**ASSIGNMENT:**
Every line in the data below from the one containing "Universal Entertainment 公認の世界初、日本限定のライセンス商品です。" down to the one containing "- Моторное масло", both included, must be retyped exactly; no other line is to appear.

**SOURCE INFORMATION:**

§ §

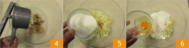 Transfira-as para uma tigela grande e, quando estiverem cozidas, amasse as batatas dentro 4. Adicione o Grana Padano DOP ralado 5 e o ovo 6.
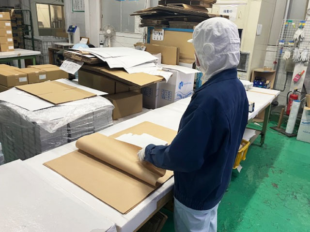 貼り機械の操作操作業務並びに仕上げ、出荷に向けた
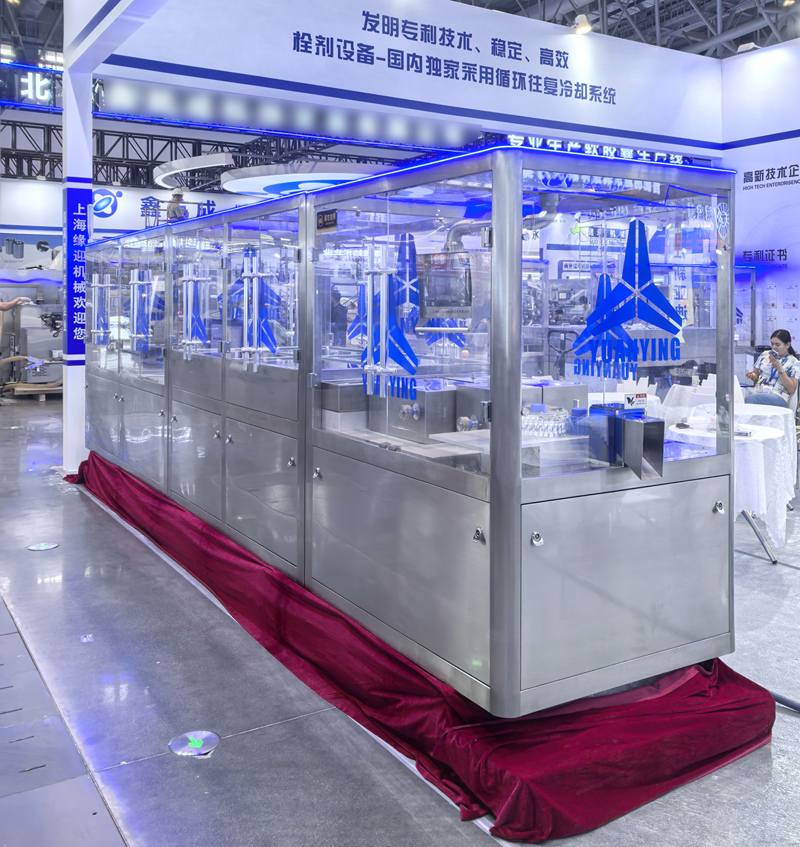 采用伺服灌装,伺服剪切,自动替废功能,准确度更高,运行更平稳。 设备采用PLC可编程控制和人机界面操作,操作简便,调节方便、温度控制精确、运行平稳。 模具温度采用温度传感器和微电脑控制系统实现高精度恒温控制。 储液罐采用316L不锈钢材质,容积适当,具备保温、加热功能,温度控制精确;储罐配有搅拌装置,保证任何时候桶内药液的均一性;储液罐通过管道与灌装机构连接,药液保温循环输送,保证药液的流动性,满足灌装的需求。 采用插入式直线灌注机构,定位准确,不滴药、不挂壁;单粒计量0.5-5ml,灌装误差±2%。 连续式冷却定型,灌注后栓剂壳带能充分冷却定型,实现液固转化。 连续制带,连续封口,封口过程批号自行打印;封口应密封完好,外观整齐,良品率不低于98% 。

§ §

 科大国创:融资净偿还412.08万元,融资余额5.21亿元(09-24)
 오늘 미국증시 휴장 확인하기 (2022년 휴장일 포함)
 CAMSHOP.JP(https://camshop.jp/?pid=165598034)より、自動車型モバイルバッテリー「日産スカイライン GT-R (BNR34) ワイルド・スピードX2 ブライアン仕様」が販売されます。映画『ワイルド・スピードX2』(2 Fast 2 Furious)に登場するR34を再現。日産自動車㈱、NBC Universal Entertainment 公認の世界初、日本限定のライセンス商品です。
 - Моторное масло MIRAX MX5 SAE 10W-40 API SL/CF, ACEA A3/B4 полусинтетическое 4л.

§ §

**OUTPUT FOR THIS EXERCISE:**
 CAMSHOP.JP(https://camshop.jp/?pid=165598034)より、自動車型モバイルバッテリー「日産スカイライン GT-R (BNR34) ワイルド・スピードX2 ブライアン仕様」が販売されます。映画『ワイルド・スピードX2』(2 Fast 2 Furious)に登場するR34を再現。日産自動車㈱、NBC Universal Entertainment 公認の世界初、日本限定のライセンス商品です。
 - Моторное масло MIRAX MX5 SAE 10W-40 API SL/CF, ACEA A3/B4 полусинтетическое 4л.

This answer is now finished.